Study: Millions Of U.S. Adults With Chronic Illnesses Remain Uninsured
Submitted by Carina Rose on Wed, 08/06/2008 - 09:54
According to the central finding of a new study to be published Tuesday in the medical journal Annals of Internal Medicine, millions of Americans with chronic disease like diabetes or high blood pressure are not getting adequate treatment because they are among the nation’s growing ranks of uninsured.
An estimated 11.4 million Americans with at least one chronic illness have no health insurance. Many of these people are doing without doctors’ visits or depending on emergency rooms for their medical care, the study said.
“These are people who, with modern therapies, can be kept out of trouble,” said Dr. Andrew P. Wilper, the study’s lead author. “Therapies for someone with diabetes and hypertension “are routine and widely available, if you have insurance,” said Dr. Wilper, a medical instructor at the University of Washington in Seattle.
“Primary care doctors know that people who don't have access to health care due to health insurance suffer,” Wilper said. “We wanted to study that issue and bring public attention to it.”

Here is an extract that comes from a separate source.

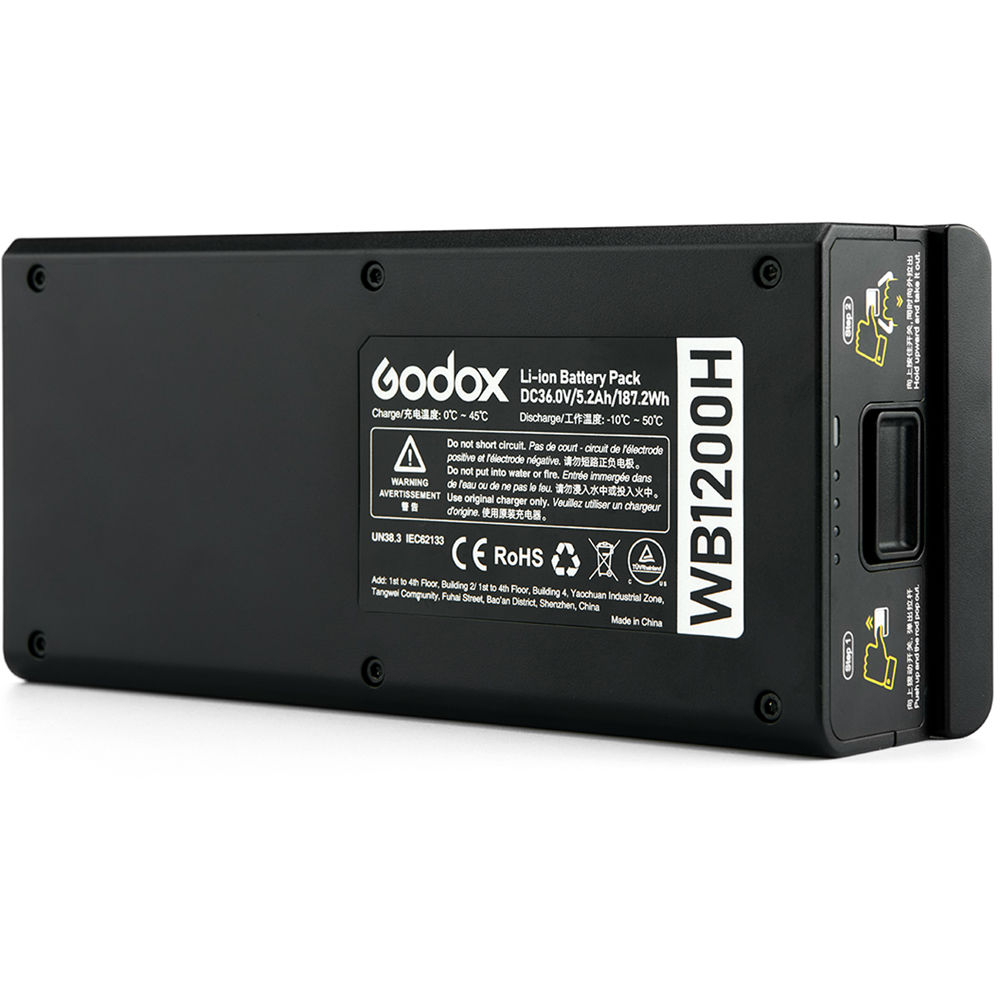 Аккумулятор Godox WB1200H предназначен для использования с генераторной вспышкой AD1200Pro, емкость аккумулятора составляет 5200 мАч, напряжение 36 В.

Wilper and his colleagues scrutinized data obtained from the National Health and Nutritional Examination Survey for 1999-2004, which included 12,486 men and women 18 to 64 years old. Based on this nationally representative sample, they came to the conclusion that 16.1 percent of people with heart disease, 15.5 percent of those with high blood pressure, and 16.6 percent of diabetics are uninsured.